The Company generally measures fair value by considering sale prices for similar assets or by discounting estimated future cash flows using an appropriate discount rate. Considerable management judgment is necessary to estimate the fair value of assets, and accordingly, actual results could vary significantly from such estimates. Assets to be disposed of are carried at the lower of their financial statement carrying amount or fair value less their costs to sell.

 

  (k) Revenue recognition

The Company recognizes revenues in accordance with the Securities and Exchange Commission (the “SEC”) Staff Accounting Bulletin (“SAB”) No. 104, “Revenue Recognition”, which requires that four basic criteria must be met before revenue can be recognized: (1) there is persuasive evidence that an arrangement exists; (2) delivery has occurred or services have been rendered; (3) the fee is fixed or determinable; and (4) collectibility is reasonably assured. Net sales represent the gross invoiced amount, net of discounts, and are recognized when goods are shipped and title has passed. To the extent products are required to meet customer specifications, such products are subject to technical and quality tests that are designed to ensure compliance prior to shipment.

Under the Company’s standard terms and conditions, which are mainly Free On Board shipping point, title and risk of loss are transferred to the customer at the time the product is delivered to the customer’s freight forwarder.

Revenue related to the provision of assembly services is recognized upon the completion of such services and delivery of the related product using the same criteria of SAB No. 104 stated above.

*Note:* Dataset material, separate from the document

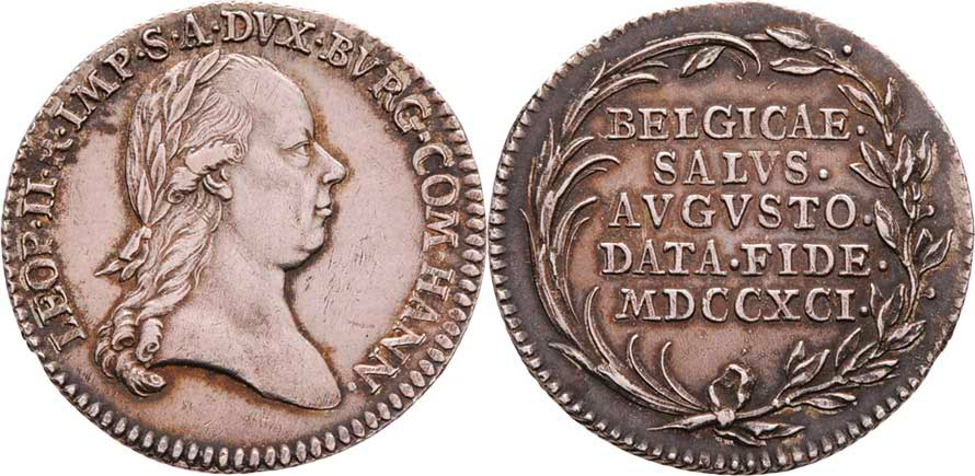 AR menší jeton na holdování v Hannegau 1791 - poprsí zprava, opis / 5-řádk.nápis ve věnci, Nesign., 21mm, 2.837g, M.2232, Novák.L.1b, nep.nedor., pěkná patina

Deposits or advance payments from customers prior to delivery and passage of title of merchandise are recorded as customer deposits.

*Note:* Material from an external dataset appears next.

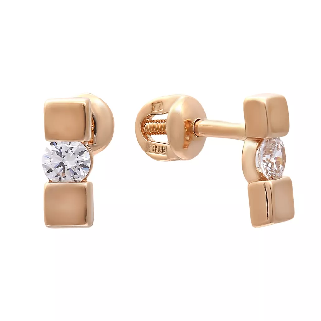 Пусеты с фианитом из золота

Revenue related to the provision of tooling income is recognized upon the completion of such services and delivery of the related product using the same criteria of SAB No. 104 stated above.

In accordance with the relevant tax laws in the PRC, value-added tax is levied on the invoiced value of sales of goods and is payable by the purchaser. Revenue is recognized net of all value-added tax imposed by governmental authorities and collected from customers concurrent with revenue-producing transactions.

 

F - 15


Table of Contents

GLOBAL-TECH ADVANCED INNOVATIONS INC.

NOTES TO CONSOLIDATED FINANCIAL STATEMENTS (continued)

 

3. SUMMARY OF SIGNIFICANT ACCOUNTING POLICIES (continued)

 

  (l) Advertising costs

Advertising costs represent costs relating to promotional activities intended to stimulate, directly or indirectly, a customer’s purchase of goods, and are charged to the consolidated statement of operations as incurred and are included in “Selling, general and administrative expenses” (“SG&A”). Advertising expenses were US$8,445, US$8,438 and US$22,572 for the fiscal years ended March 31, 2010, 2009 and 2008, respectively.

 

  (m) Design and development costs

Design and development costs primarily relate to the cost of samples and prototypes and salaries of our engineers.

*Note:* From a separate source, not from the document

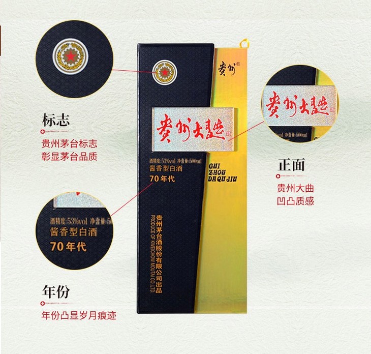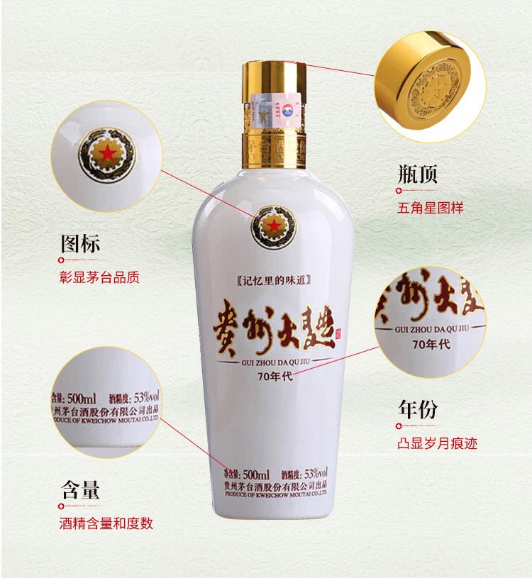 【标品破价】 茅台股份 贵州大曲70年代 酱香型 53度 500ml x6 整箱

The Company expenses all design and development costs when incurred. Included in the SG&A expenses line item in the consolidated statement of operations were design and development costs of US$1,562,772, US$685,126 and US$1,075,556 for the fiscal years ended March 31, 2010, 2009 and 2008, respectively.

 

  (n) Shipping and handling costs

In accordance with Emerging Issues Task Force Issue (“EITF”) 00-10”Accounting for Shipping and Handling Fees and Costs” which is now codified as FASB ASC 605 “Revenue Recognition”, shipping and handling fees billed to customers are included in net sales in the consolidated statement of operations. Any shipping and handling costs incurred by the Company associated with the sale of products are included in SG&A on the face of the consolidated statement of operations. During the fiscal years ended March 31, 2010, 2009 and 2008, shipping and handling costs charged to SG&A were US$1,028,782, US$802,664 and US$1,159,569, respectively.

Any inbound freight charges, receiving, inspection, warehousing and internal transfer costs incurred by the Company are expensed as cost of goods sold. During the fiscal years ended March 31, 2010, 2009 and 2008, inbound freight costs charged to cost of goods sold were US$171,686, US$128,325 and US$340,938, respectively. Other related costs are included in manufacturing overheads.

 

  (o) Foreign currencies

All transactions in currencies other than functional currencies during the year are translated at the exchange rates prevailing on the respective transaction dates. Monetary assets and liabilities existing at the balance sheet date denominated in currencies other than functional currencies are remeasured at the exchange rates existing on that date. Exchange differences are recorded in the consolidated statement of operations.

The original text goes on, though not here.